Scenario1, Situation I (view 2)
 becomes     Task_A1  Task_A2  Task_A3  Task_An
 ------->      |          |      |         |
               +----------+------+---------+
                             |
                             v
                           Task_Bi

In Situation 2, each subtask, Task_Bi, depends only on completion of its related subtask in Task_A, or Task_Ai. For instance, Task_B1 depends on completion of Task_A1, but it doesn't have any dependency on Task_A2's completion. In this case, we create n dependency graphs, as shown in Scenario 1, Situation II.

As we have just seen, dependencies can be modeled as directed acyclic multi-graphs. (acyclic means no cycles - ie no loops. multi-graph contains many separate graphs). Situation 2 is the default in this scheduler (Task_Bi depends only on Task_Ai).

Concept: Job IDs

For details on how to use and configure job_ids, see the section, Job ID Configuration This section explains what job_ids are.

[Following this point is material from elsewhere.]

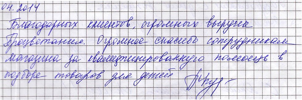 "Желаем хороших клиентов, а также хочу выразить благодарность за отличное обслуживание в вашем магазине!!!"

The scheduler recognizes tasks (ie TaskA or TaskB) and subtasks (TaskA_1, TaskA_2, ...). A task represents a group of subtasks. A job_id identifies subtasks, and it is made up of "identifiers" that we mash together via a job_id template. A job_id identifies all possible variations of some task that the scheduler is aware of. To give some context for how job_id templates characterize tasks, see below:

           Task_A    "{date}_{client_id}_{dataset}"
             |
             v
           Task_B    "{date}_{your_custom_identifier}"

Some example job_ids for subtasks of Task_A and Task_B, respectively, might be:

Task_A:  "20140614_client1_dataset1"  <--->  "{date}_{client_id}_{dataset}"
Task_B:  "20140601_analysis1"  <--->  "{date}_{your_custom_identifier}"

A job_id represents the smallest piece of work the scheduler can recognize, and good choices in job_id structure identify how work is changing from task to task. For instance, assume the second job_id above, 20140601_analysis1, depends on all job_ids from 20140601 that matched a specific subset of clients and datasets. We chose to identify this subset of clients and datasets with the name analysis1. But our job_id template also includes a date because we wish to run analysis1 on different days. Note how the choice of job_id clarifies what the first and second tasks have in common.

Here's some general advice for choosing a job_id template:

  • What results does this task generate? The words that differentiate those results are great candidates for identifers in a job_id.
  • What parameters does this task expect? The command-line arguments to a piece of code can be great job_id identiers.
  • How many different variations of this task exist?
  • How do I expect to use this task in my system?
  • How complex is my data pipeline? Do I have any branches in my dependency tree? If you have a very simple pipeline, you may simply wish to have all job_id templates be the same across tasks.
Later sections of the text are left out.